'I paid for the whole GPU, I am going to use the whole GPU'

https://modal.com/blog/gpu-utilization-guide

154•mooreds•1mo ago

Comments

cubefox•1mo ago

For anyone thinking this is about video games:

> We’ll specifically focus on neural network inference workloads

keybored•1mo ago

It’s hard to forget the neural network application these days.

mooreds•1mo ago

The subtitle (which is important but was too long for the HN submission) is "A high-level guide to GPU utilization".

mwilcox•1mo ago

Understandable

Mockapapella•1mo ago

This is a good article on the "fog of war" for GPU inference. Modal has been doing a great job of aggregating and disseminating info on how to think about high quality AI inference. Learned some fun stuff -- thanks for posting it.

> the majority of organizations achieve less than 70% GPU Allocation Utilization when running at peak demand — to say nothing of aggregate utilization. This is true even of sophisticated players, like the former Banana serverless GPU platform, which operated at an aggregate utilization of around 20%.

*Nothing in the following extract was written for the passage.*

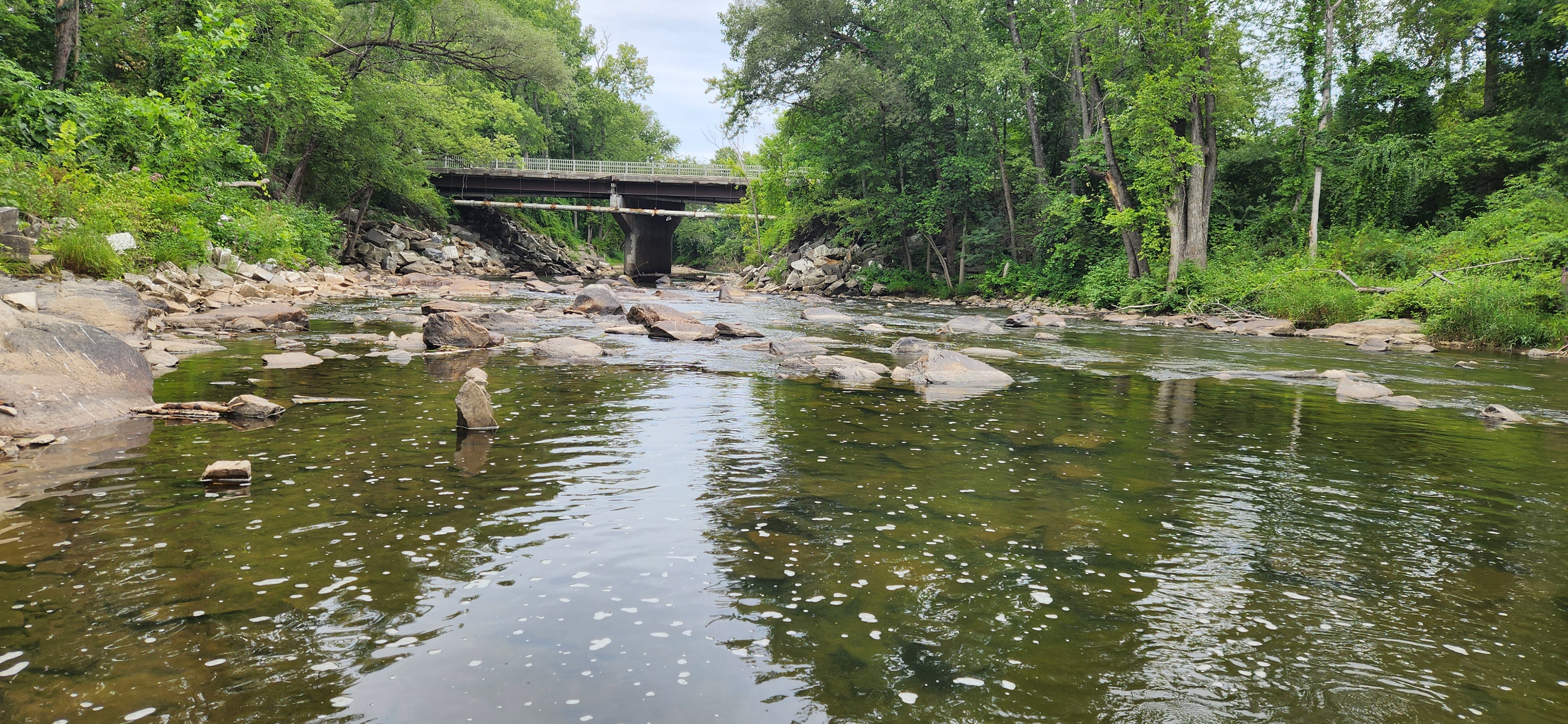 A view of low flows and exposed rocks in Otter Creek at Center Rutland, Vermont, near monitoring station 04282000. This photo was taken during a drought in the summer of 2025.

Saw this sort of thing at my last job. Was very frustrating pointing this out to people only for them to respond with ¯\_(ツ)_/¯. I posted a much less tactful article (read: rant) than the one by Modal, but I think it still touches on a lot of the little things you need to consider when deploying AI models: https://thelisowe.substack.com/p/you-suck-at-deploying-ai-mo...

charles_irl•1mo ago

Nice article! I had to restrain myself from ranting on our blog :)

awesome_dude•1mo ago

I'm old enough to remember when people would be concerned if their CPU usage went to 100%

bdangubic•1mo ago

back in those days you weren’t renting them :)

XorNot•1mo ago

Well also people are pretty bad at logistical reasoning though.

From a capital expenditure perspective, you are renting the CPU you bought in terms of opportunity cost.

What people have some sense of is that there's an ascribable value to having a capability in reserve versus discovering you don't have it when you need it.

theandrewbailey•1mo ago

You're right, you were leasing them from IBM.

twoodfin•1mo ago

You’d worry about 100% CPU because even if the OS was successfully optimizing for throughput (as Linux is very good at), latency/p99 is certain to suffer as spare cycles disappear.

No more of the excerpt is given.